Blair: Let's wipe billions from third world debt
Tony Blair will use today's G8 summit of world leaders to call for billions of pounds of debt owed by the world's poorest countries to be written off.
Tony Blair will use today's G8 summit of world leaders to call for billions of pounds of debt owed by the world's poorest countries to be written off.
The Prime Minister will urge his colleagues to call on the International Monetary Fund and the World Bank to cancel the debt owed to them.
He will also demand that the international community abandons a plan to shut a key debt relief scheme that threatens to prevent war-torn countries such as Sudan from signing up. The appeal is expected to be backed by the United States, which will use the initiative to justify its calls for billions of pounds of debt racked up by Saddam Hussein's regime to be written off.

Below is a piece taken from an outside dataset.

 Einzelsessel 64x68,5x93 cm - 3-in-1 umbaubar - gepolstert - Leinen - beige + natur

At the G8 summit in America's Sea Island that begins today, Mr Blair will submit proposals to increase the current $70bn (£38bn) of bilateral debt set to be written off through the Highly Indebted Poorer Countries (HIPC) programme. He will propose abolishing the "sunset clause" that would block new countries from entering HIPC if they have not met the entry criteria by the end of this year. The clause threatens to keep war-ravaged countries such as Sudan, Somalia, Liberia, Burundi, Ivory Coast, Chad and the Central African Republic out of HIPC.

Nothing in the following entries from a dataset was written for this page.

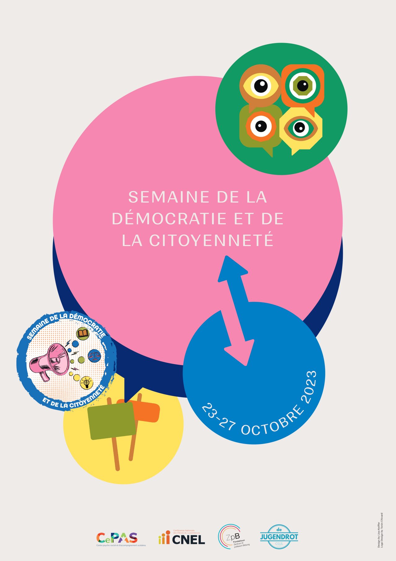 Lancée en 2022, la Semaine de la démocratie et de la citoyenneté est organisée chaque année dans les lycées par un comité de pilotage composé du Centre psycho-social et d'accompagnement scolaires (CePAS), du Zentrum fir politesch Bildung (ZpB), du Jugendrot et de la Conférence nationale des élèves du Luxembourg (CNEL).
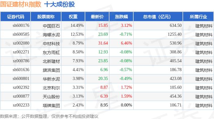 证券之星消息,10月21日,国证建材R(480048)指数报收于6911.21点,涨1.27%,成交78.55亿元,换手率1.55%。当日该指数成份股中,上涨的有21家,中材科技以6.46%的涨幅领涨,下跌的有6家,沧州明珠以2.93%的跌幅领跌。
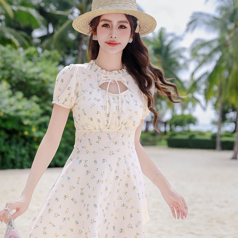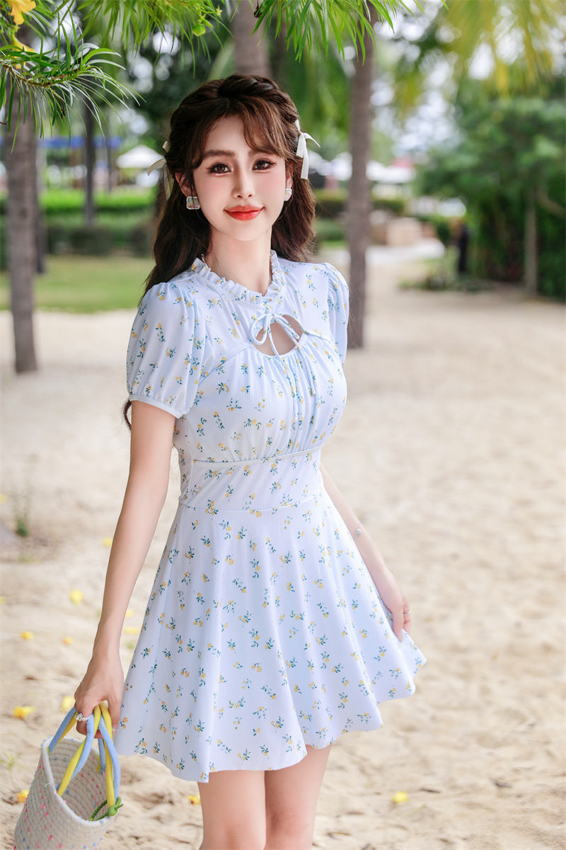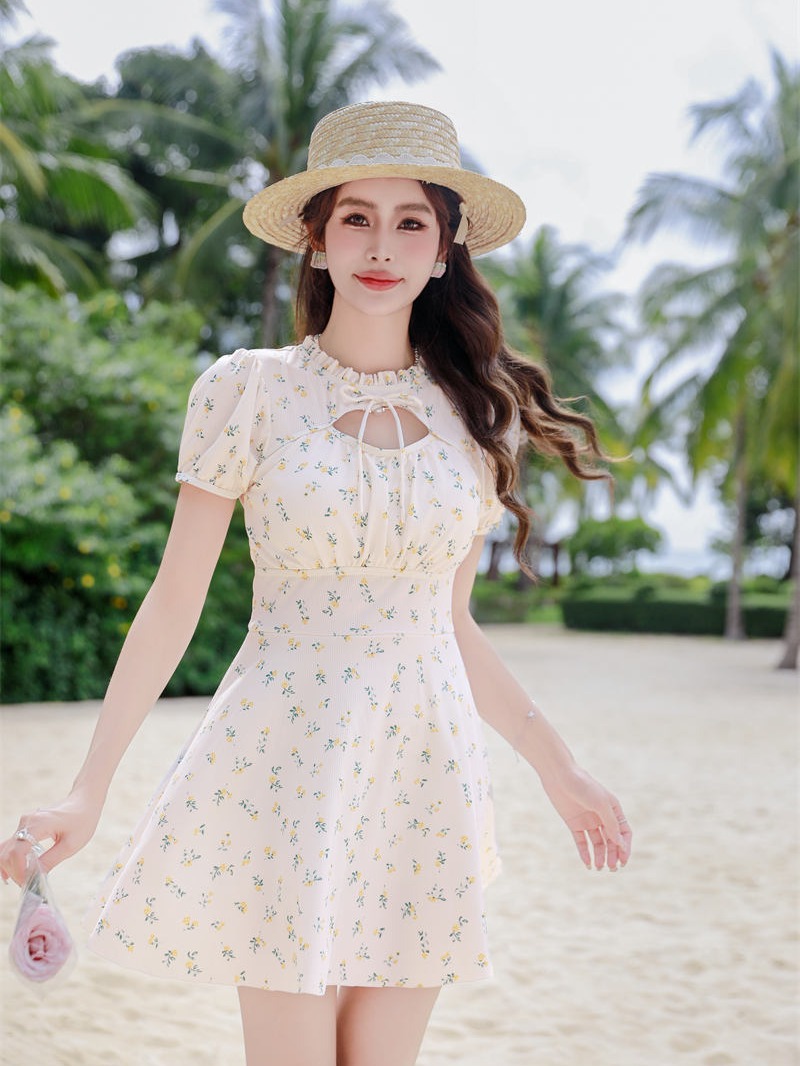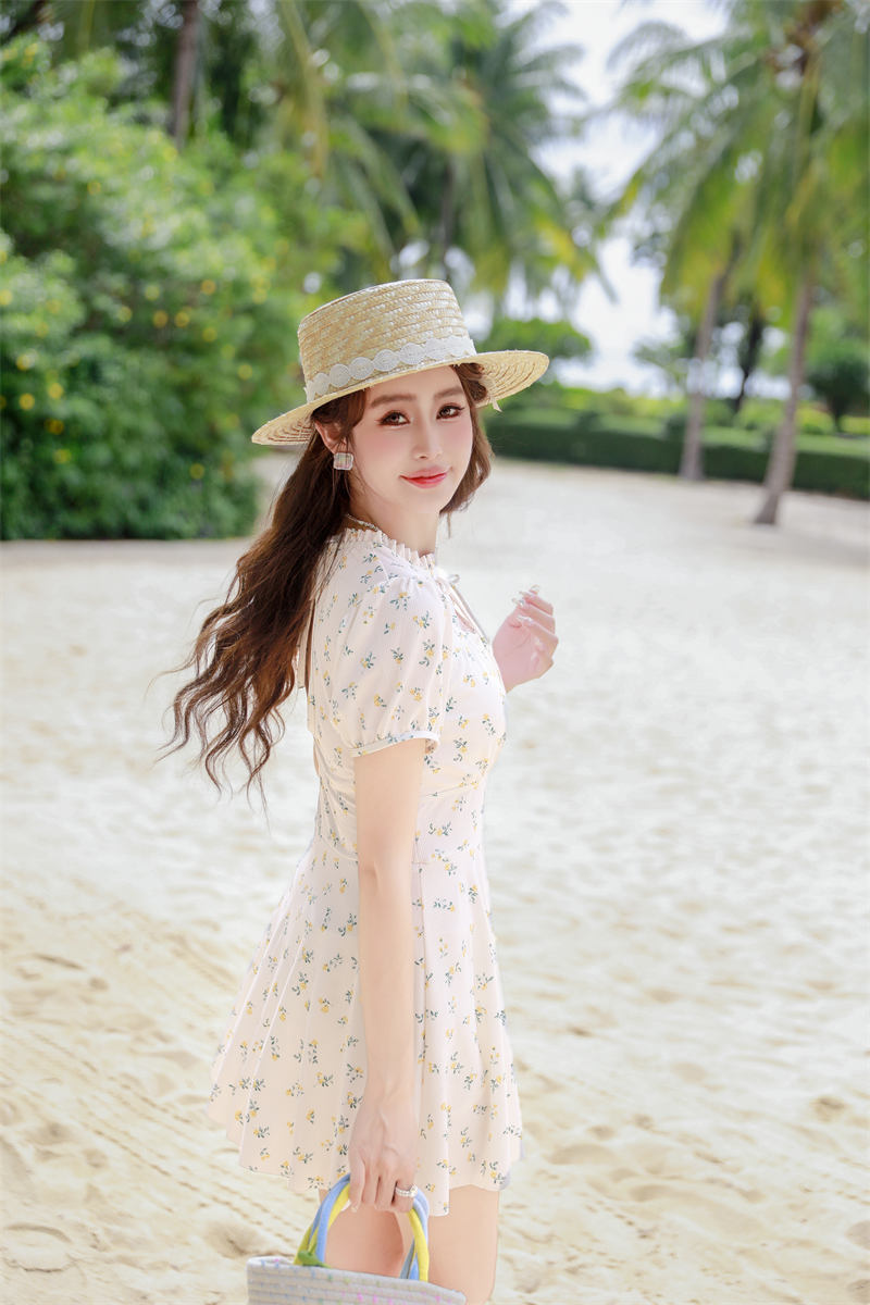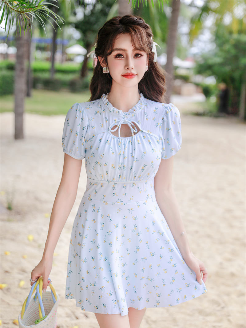 腾创泳衣女士泡温泉2024新款碎花连体显瘦遮肚游泳衣保守泳装

The plans, drawn up by the Chancellor, Gordon Brown, and the International Development Secretary, Hilary Benn, include a one-off $1bn top-up for the HIPC trust fund. Treasury sources said the abolition of the sunset clause would take the debt written off from $70bn to about $100bn.
The UK and US have also discussed extending debt relief to loans from institutions such as the IMF, the World Bank, and the African Development Bank. The estimated cost of a 100 per cent write-off of all multilateral debt would be more than $1bn a year, and would take the total amount of debt to be written off well over the $100bn mark.

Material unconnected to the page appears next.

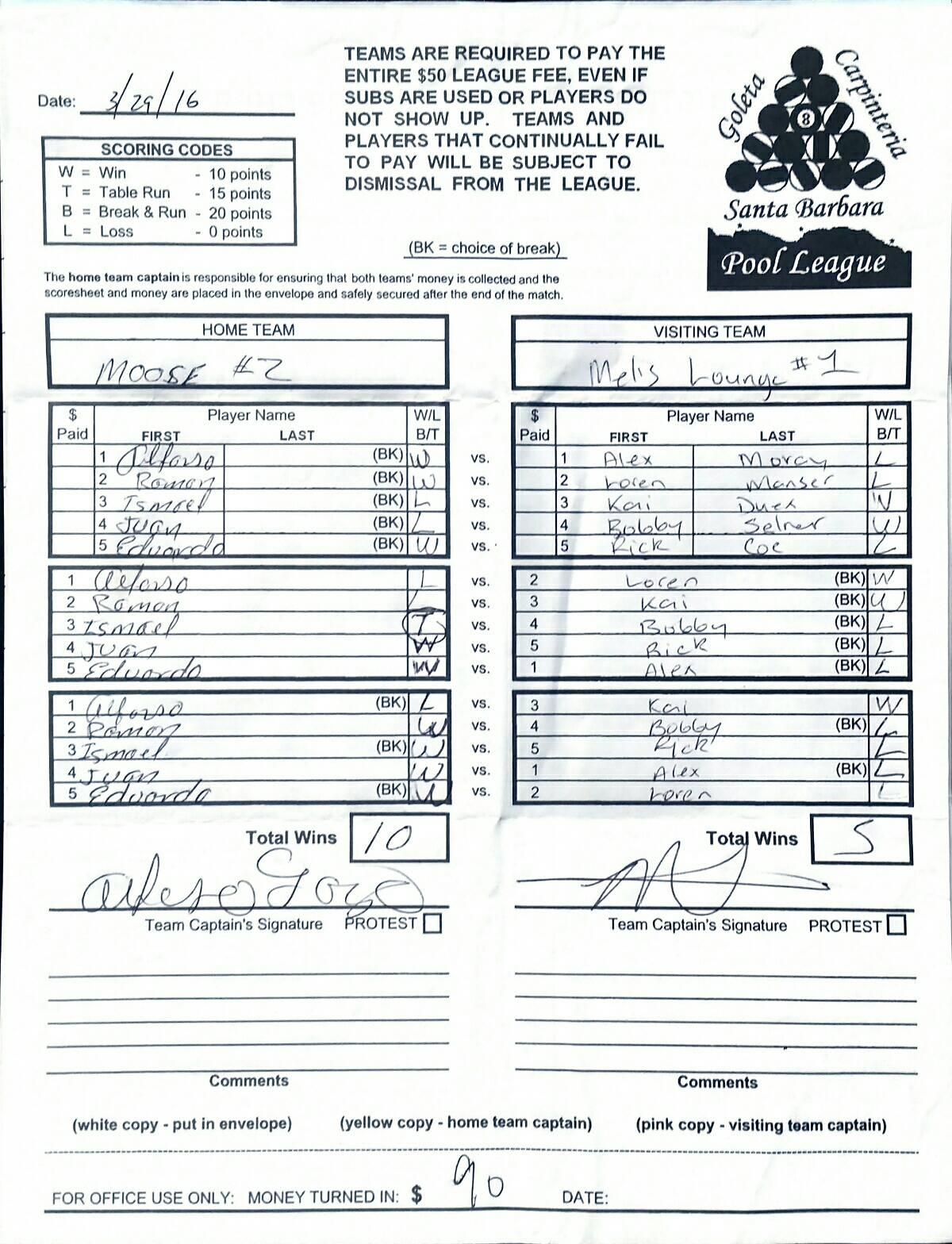 L | Alfonso Lazaro | vs | Loren Manser | W |

World leaders are facing pressure from campaign groups to deliver help to developing countries against the background of a mounting disaster in Sudan. Henry Northover, a policy analyst at the charity Cafod, said: "If the US is arguing that Iraqi debt should be cancelled because of Saddam Hussein, then the same applies to the Democratic Republic of Congo, Nigeria and other African states that have accumulated large debts under undemocratic regimes."